» THE TASK
Restate word for word the lines between the start of the material and the line with "2.12ct Emerald and Diamond Mens Ring", keeping both of those ends and none of the pictures.

» GIVEN DATA
● ● ● ●
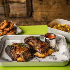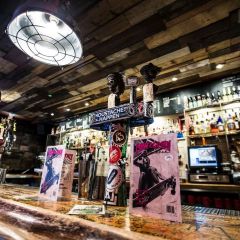 The Rib Joint & Tap Room on the ground floor is a relaxed hangout and a nod towards the 80s skate scene. The bar serves a large selection of bourbon, craft beer and ribs.
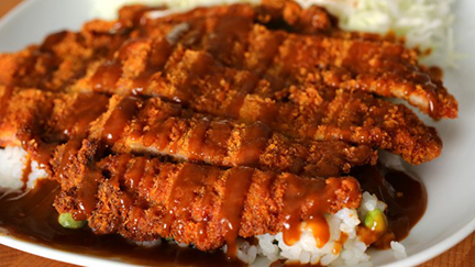 - Xếp lát thịt heo chiên dòn lên trên. Lại rưới thêm một lượt nước xốt thịt bò lên nữa.
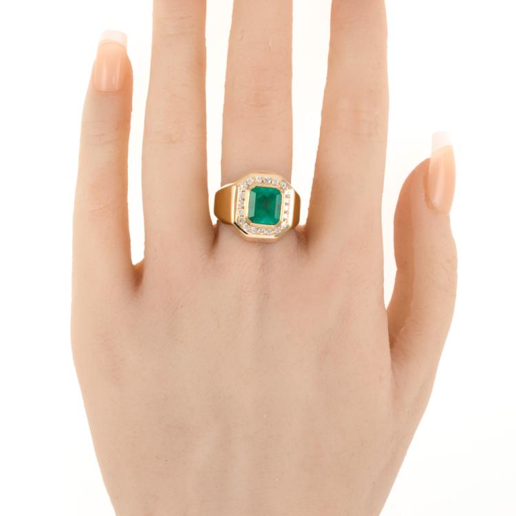 2.12ct Emerald and Diamond Mens Ring
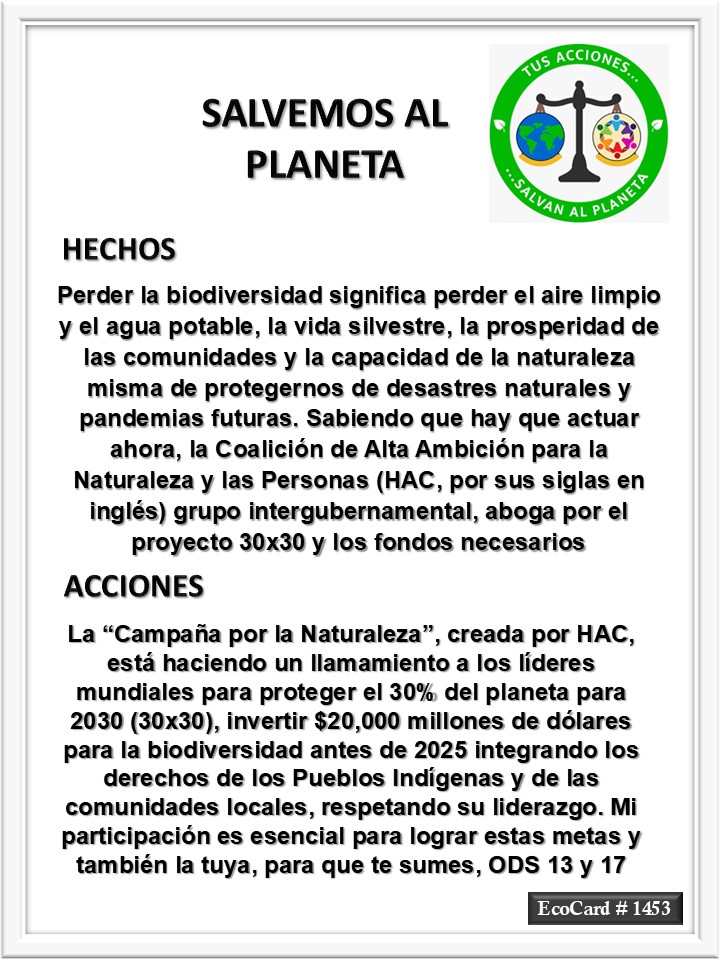 EcoCard #1453 Campaña por la naturaleza José Antonio Cárdenas Marroquín Uncategorized November 6, 2024 1 Minute Lydia P. Vignau y José A. Cárdenas Más información: Campaign for Nature Share this: Share on X (Opens in new window) X Share on Facebook (Opens in new window) Facebook Like Loading... Published November 6, 2024
● ● ● ●
» WRITTEN REPLY
 The Rib Joint & Tap Room on the ground floor is a relaxed hangout and a nod towards the 80s skate scene. The bar serves a large selection of bourbon, craft beer and ribs.
 - Xếp lát thịt heo chiên dòn lên trên. Lại rưới thêm một lượt nước xốt thịt bò lên nữa.
 2.12ct Emerald and Diamond Mens Ring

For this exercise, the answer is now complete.